Prospects for the full year 2016
Beijer Electronics expects the group's sales for the fourth quarter 2016 to be higher than the previous quarter. It expects operating profit to be higher than the corresponding period 2015 and the third quarter 2016. For the full year 2016, Beijer Electronics anticipates sales and profit to be lower than 2015.
Significant events
Beijer Electronics' Board of Directors convened an EGM on January 4, 2016. This EGM, which was held on January 28, 2016, approved the Board's proposal for the sale of the group's subsidiaries in Estonia, Latvia and Lithuania, to certain senior managers of these companies.

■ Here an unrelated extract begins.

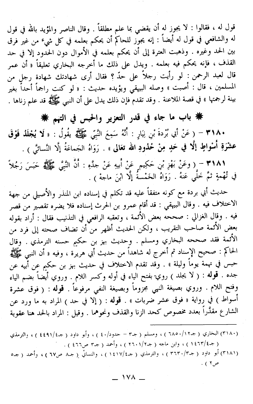 وَحَدِيثُ بَهْزِ بْنِ حَكِيمٍ حَسَّنَهُ التِّرْمِذِيُّ. وَقَالَ الْحَاكِمُ: صَحِيحُ الْإِسْنَادِ ثُمَّ أَخْرَجَ لَهُ شَاهِدًا مِنْ حَدِيثِ أَبِي هُرَيْرَةَ، وَفِيهِ «أَنَّ النَّبِيَّ - صَلَّى اللَّهُ عَلَيْهِ وَسَلَّمَ - حَبَسَ فِي تُهْمَةٍ يَوْمًا وَلَيْلَةً» . وَقَدْ تَقَدَّمَ الِاخْتِلَافُ فِي حَدِيثِ بَهْزِ بْنِ حَكِيمٍ عَنْ أَبِيهِ عَنْ جَدِّهِ. قَوْلُهُ: (لَا يُجْلَدُ) رُوِيَ بِفَتْحِ الْيَاءِ فِي أَوَّلِهِ وَكَسْرِ اللَّامِ.

These companies' combined sales were 18 MSEK in 2015.
The sale of the Finnish operation was completed on January 11, 2016.
At the end of January 2016, Beijer Electronics' Board of Directors approved a program of measures for the IAS business area. The cost of the program of measures is expected to amount to 50 MSEK, which was charged to profit in the first quarter of 2016. The program was expected to generate cost savings of 50 MSEK annualized, taking full effect in 2017, with 30 MSEK expected in 2016, commencing in the second quarter. The program of measures is going as planned, with a total of 50 staff affected, half of them in the Nordics.
The program includes an improved sales and marketing organization and rationalizations in manufacturing. The aim is to create a more customer-oriented and flexible organization with a clear focus on proprietary products. The long-term ambition is also to increase the software share of total sales, focusing more on specific segments for robust terminals and concentrating resources on fewer markets, and reaching larger customers.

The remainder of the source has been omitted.